Compreendendo o consumo como uma atividade econômica que afeta toda
sociedade, Costa (2009, p. 35) menciona que o consumo é o “[...] centro organizador da
ordem social, política, econômica e cultural do presente e todos nós somos educados
para e por ele”. Sendo o consumo algo tão presente nas sociedades, podemos observar
que consumo não é algo tão ingênuo e deixado ao acaso, ou seja, o consumo é algo de
grande interesse para Estado, pois afeta continuamente os sistemas econômicos.
Lemke (2018, p. 148), menciona que há uma importância de controle sobre a
vida, e esse controle é visto ou é dado como uma atuação política, principalmente nos
processos econômicos. Ou seja, esse tipo de política “[...] atribui aos mecanismos
econômicos de coordenadas e de condução uma tarefa de servir à vida, de modo que
esses mecanismos são meios para um fim, e não um fim em si mesmos”. Articulando
essas ideias, e também, aquela que mencionamos, a de Costa (2009), em que somos
educados para e pelo consumo, podemos compreender que o mesmo também é um
objeto de controle da sociedade contemporânea, ou seja, um objeto político do Estado.
Veiga Neto e Saraiva (2011), mencionam o quanto em uma sociedade
contemporânea a Educação tem se tornado uma importante ferramenta para o controle
das condutas. Pensando nessa direção, temos a Educação, o currículo como uma
ferramenta que pode colocar em prática esse controle exigido pela sociedade
contemporânea. Nesse sentido, vislumbramos qual seria o papel da matemática presente
nos currículos escolares, ou para sermos mais específicos, quais discursos sobre o
consumo compõem o currículo de matemática do ensino médio?
Para discorrer um pouco mais sobre essa temática, apresentaremos a seguir, um
recorte de uma investigação que está sendo desenvolvida no Programa de Pós-
Graduação em Educação Matemática, da Universidade Federal de Mato Grosso do Sul.
Esse recorte tem como objetivo “descrever e analisar os discursos sobre consumo
presente nos livros didáticos de matemática do ensino médio aprovados pelo Programa
nacional do livro didático - PNLD de 2018 (BRASIL, 2017) ”.
Essa investigação também vem sendo desenvolvida junto ao GPCEM – Grupo
de Pesquisa em Currículo Educação Matemática. O GPCEM tem desenvolvido
investigações no campo da Educação Matemática e Currículo de Matemática.
Atualmente desenvolve o projeto “Redes discursivas construídas em livros didáticos de
Matemática do ensino médio1”. Os estudos realizados têm buscado as contribuições de
Foucault e outros interlocutores. Com isso, tem vislumbrado o currículo como um
campo que endereça e contribui para constituição de um tipo desejável de sujeito2.
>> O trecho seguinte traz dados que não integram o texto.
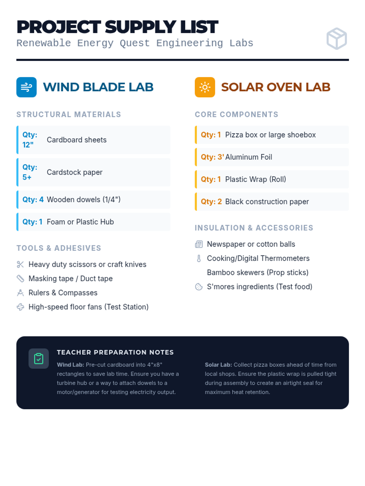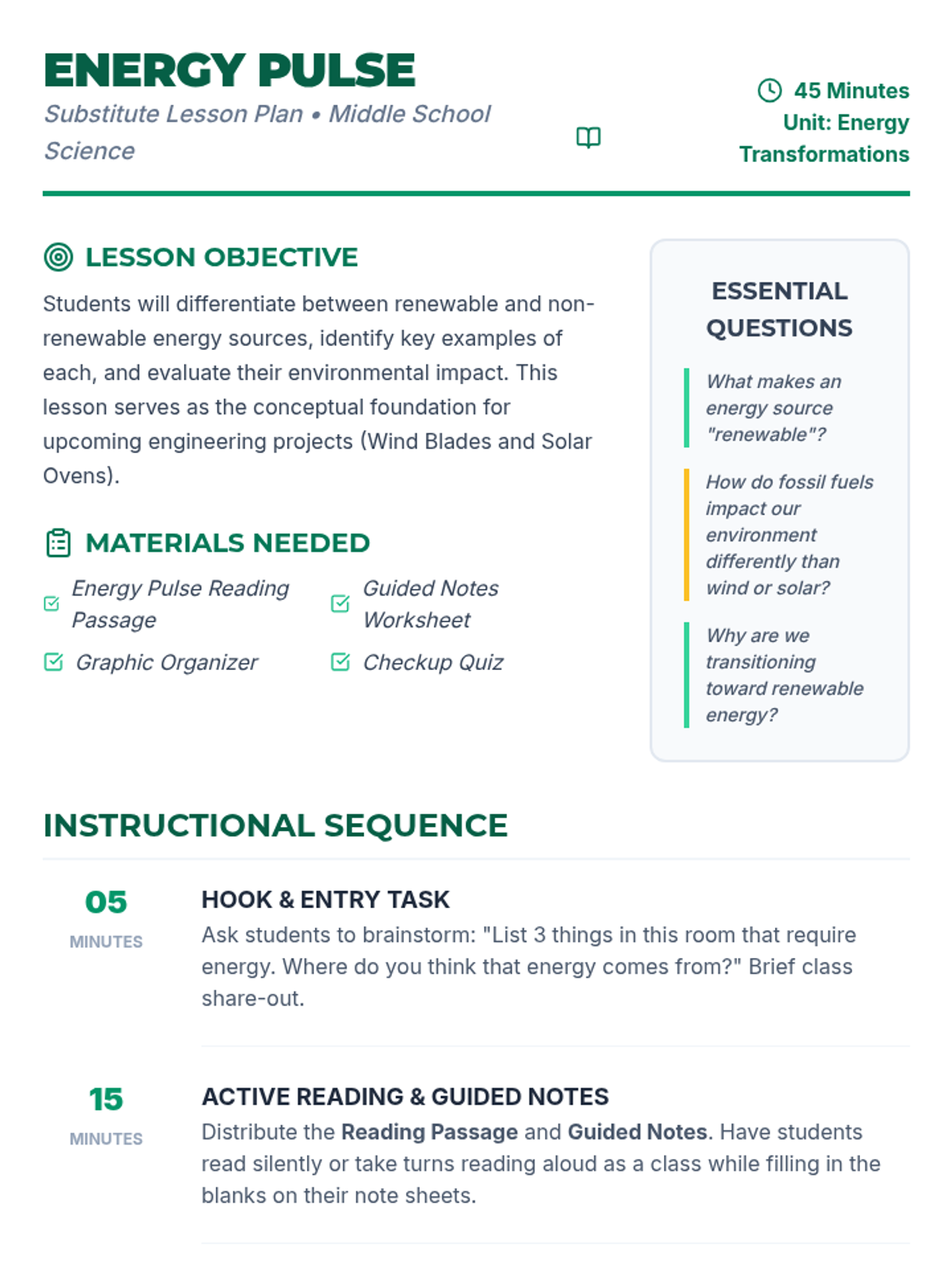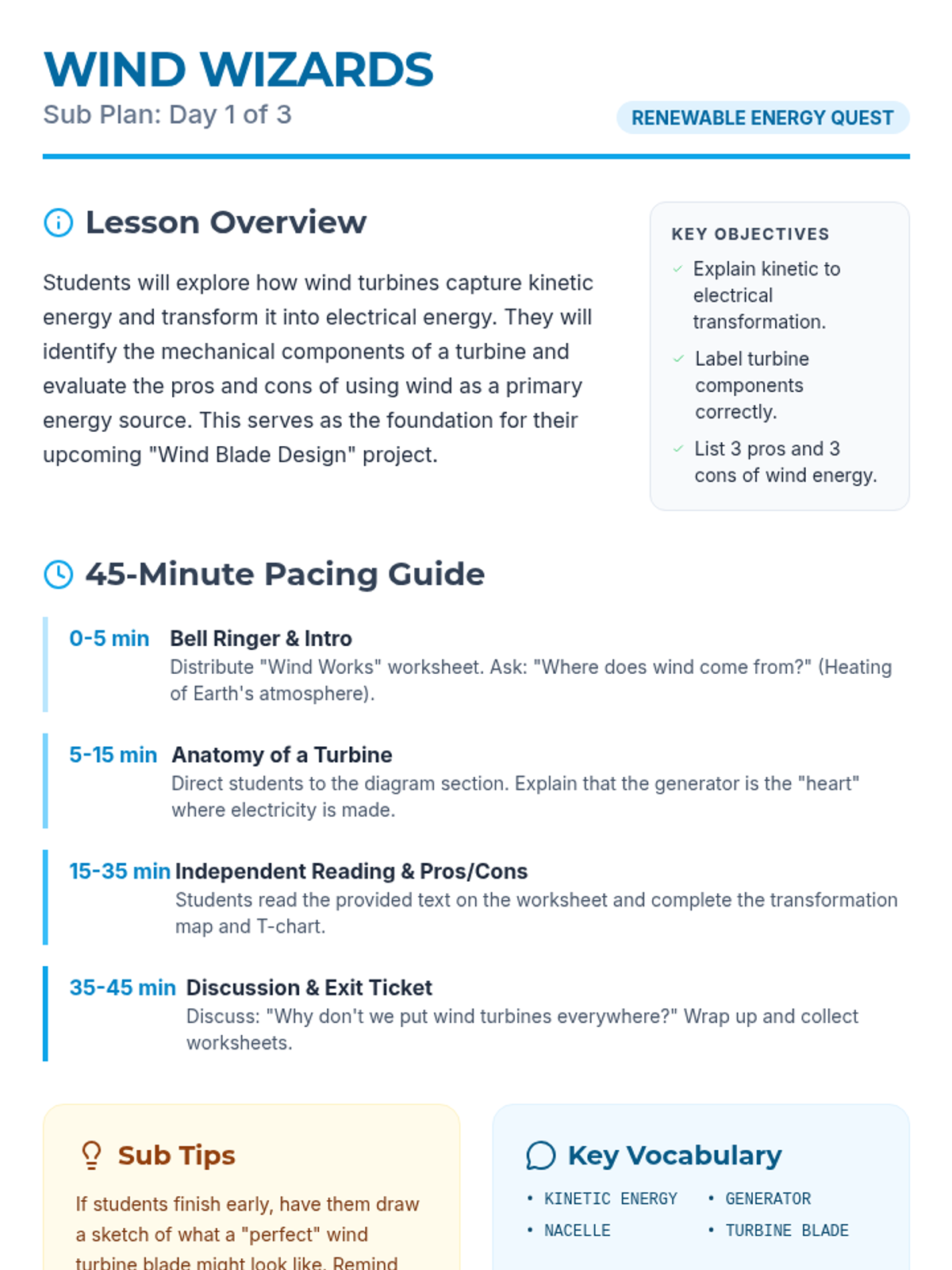 A comprehensive 45-minute introductory lesson on renewable and non-renewable energy sources, designed for a substitute teacher. This lesson prepares middle school students for hands-on engineering projects like wind blades and solar ovens.
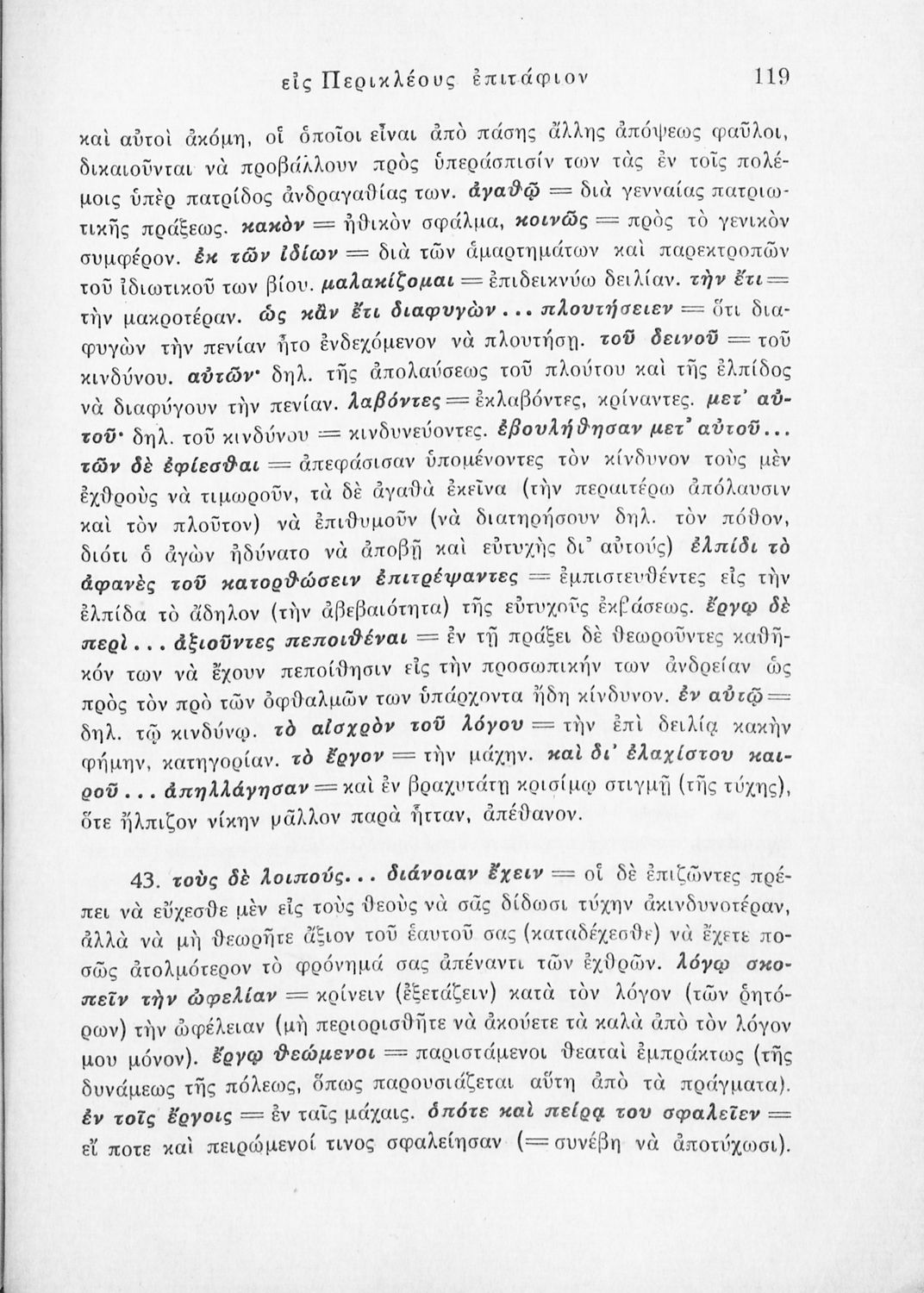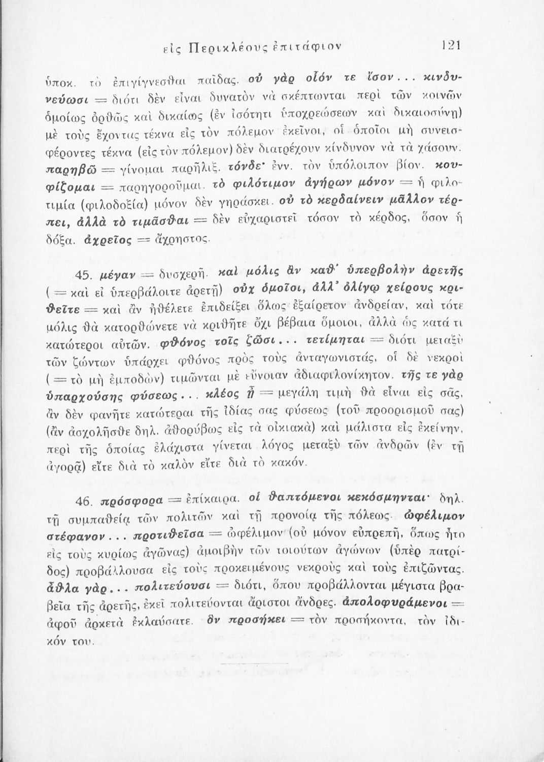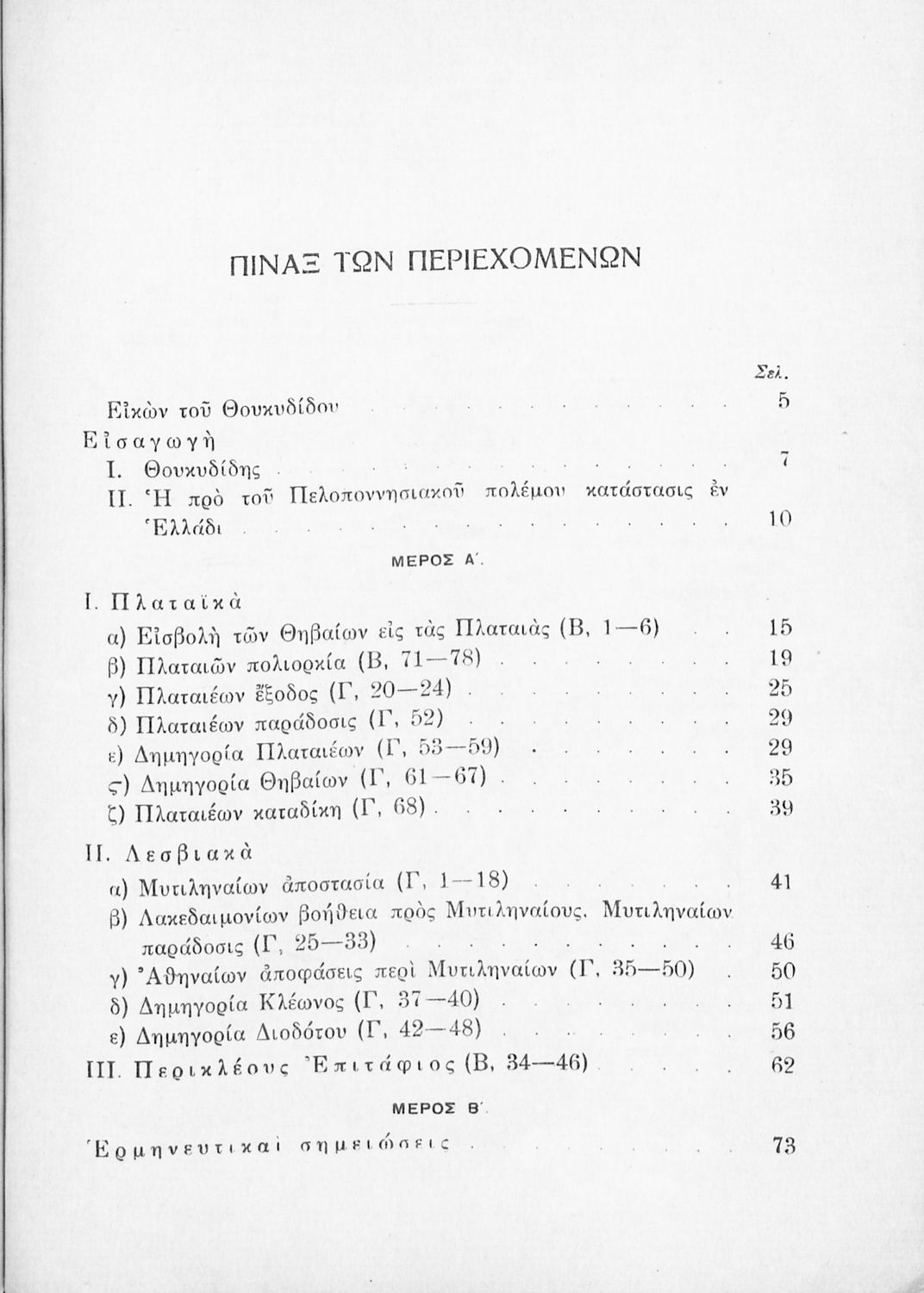 Σχολικό εγχειρίδιο Αρχαίων Ελληνικών για τις Δ΄, Ε΄ και ΣΤ΄ Γυμνασίου παλαιού τύπου που περιλαμβάνει σύντομο βιογραφικό σημείωμα του Θουκυδίδη, περιγραφή του ιστορικού πλαισίου, αποσπάσματα από τα Πλαταϊκά, τα Λεσβιακά και τον Επιτάφιο του Περικλή και ερμηνευτικές σημειώσεις.
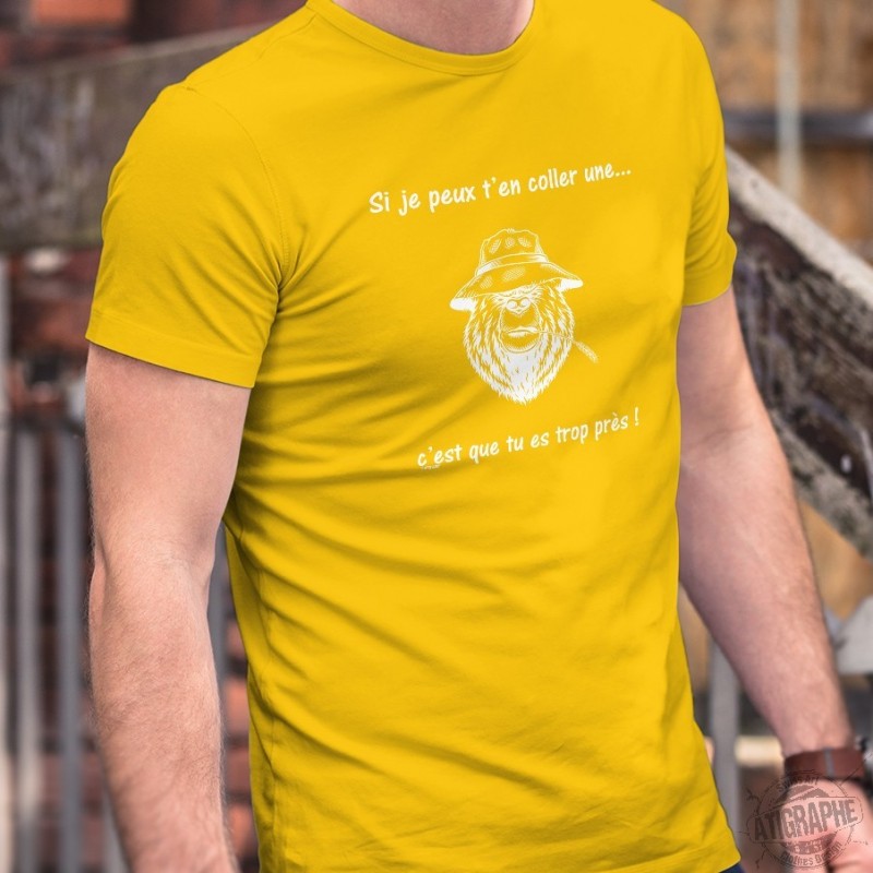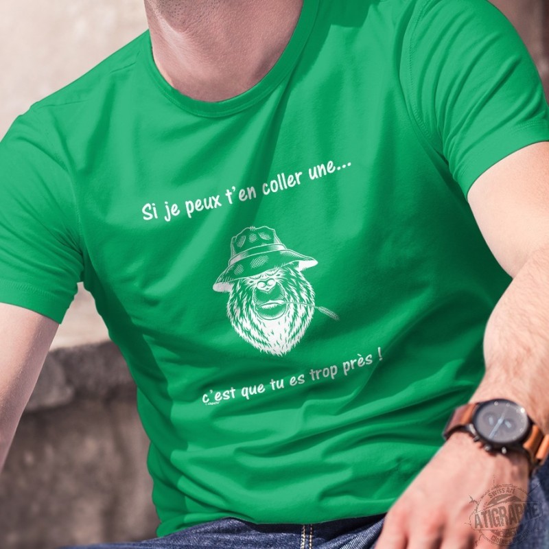 T-shirt 100% coton homme avec un ours mal léché et la phrase humoristique ✪ Si je peux t'en coller une... c'est que tu es trop près ✪ Utile pour garder la distance physique
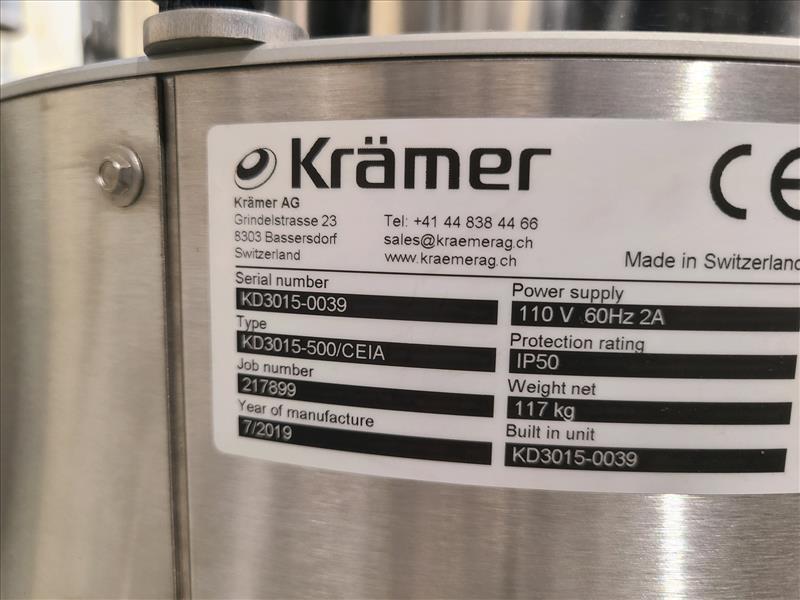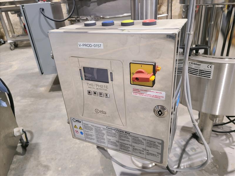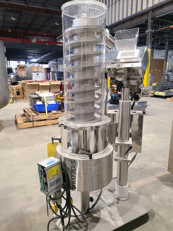 Kramer Tablet Deduster, model KD3015-500/CEIA, S/N KD3015-0039, w/Ceia metal detector, model THS/PH21E, 2 A, 110 Volts, 60Hz , casters (2019)
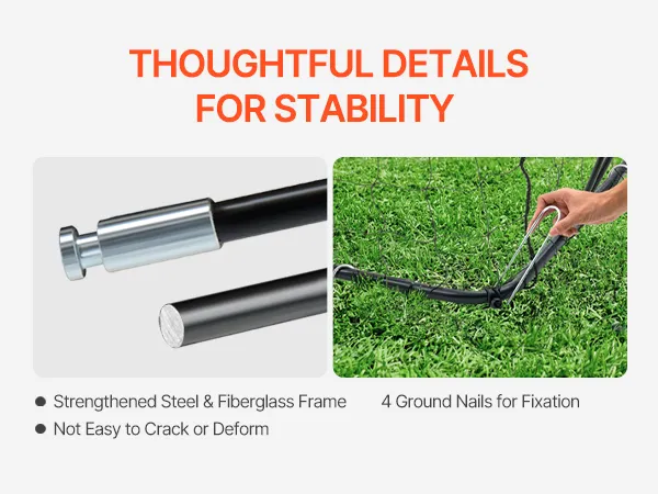 Het voetbalnet bestaat uit een stevig 0,5 inch glasvezelframe aangevuld met stevige stalen componenten. Samen met de zes grondspijkers voor een veilige verankering is er geen risico dat het doel bezwijkt bij intensief gebruik.
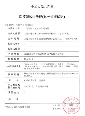 (1)指导抗血小板聚集治疗药物氯吡格雷(波立维、泰嘉、新帅克)的个体化给药(美国FDA对该药做出一级黑框警示)
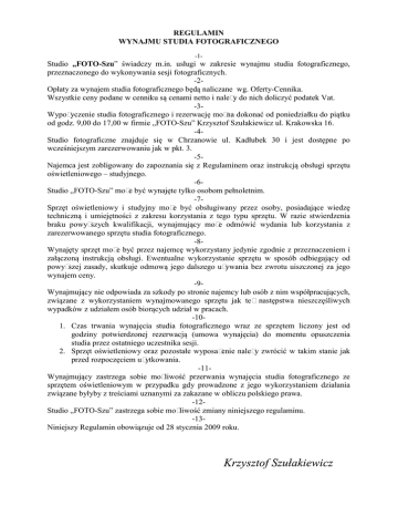 REGULAMIN WYNAJMU STUDIA - FOTO-Szu
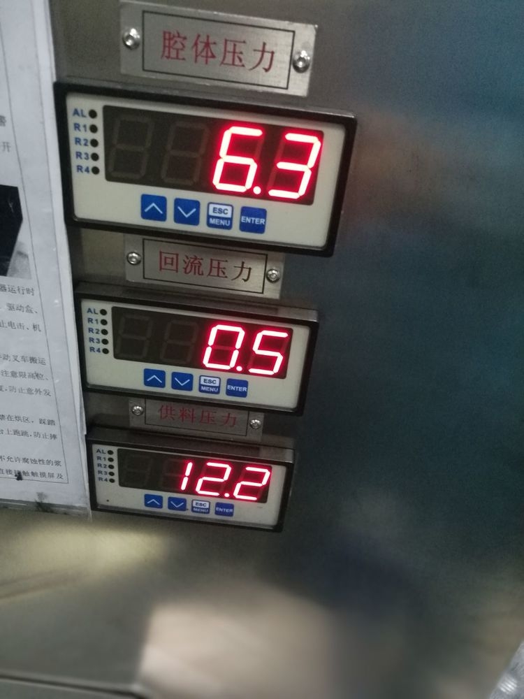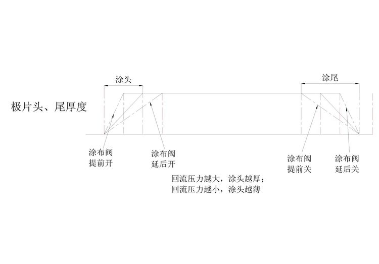 上圖情況是因為腔體壓力和回流壓力壓差太大,跳間隙料回流多了導(dǎo)致腔體壓力小,再啟涂時涂頭就薄了,解決方法:①關(guān)小些回流閥門讓涂布時腔體壓力與回流瞬間腔體壓力相持平或小于0.2就能保證頭部面密度與中間面密度一致的。

Nesse artigo apresentaremos como o currículo de matemática, os livros didáticos
de matemática do ensino médio, tem se referido ao consumo, em quais condições de
possibilidades a matemática apresenta essa temática. Para isso utilizamos as
contribuições de Foucault, ou seja, um ‘“[...] pensar com ele’ a Educação Matemática”,
assim como propõem Valero (2018, p. 47), pois o mesmo não pensou nessa área de
investigação, mas podemos deslocar alguns de seus problemas para pensar “[...] como
as pessoas se tornam sujeitos como efeitos do poder e como o conhecimento, em tempos
modernos, fazem partes das tecnologias de governo e poder”. Ou seja, como o currículo
tem contribuído para essa dinâmica. Nesse sentido, nos inspiramos em sua caixa de
ferramenta.
Em seguida apresentaremos como a pesquisa se desenvolve, em quais processos
constituímos esse método. Pois, observamos que as contribuições de Foucault, nos
inspira na constituição de um método singular de cada pesquisa, e que em cada um,
1
Atendendo à Chamada Universal MCTI/CNPQ Nº 14/2014.
2
Cf. Foucault (1995, p. 235), “há dois significados para a palavra sujeito: sujeito a alguém pelo controle
e dependência, e preso a sua própria identidade por uma consciência ou autoconhecimento, ambos
sugerem uma forma de poder que subjuga e torna sujeito a”, ou seja, essa constituição se instaura, pelos
processos de “subjetivação” (LARROSA, 2011).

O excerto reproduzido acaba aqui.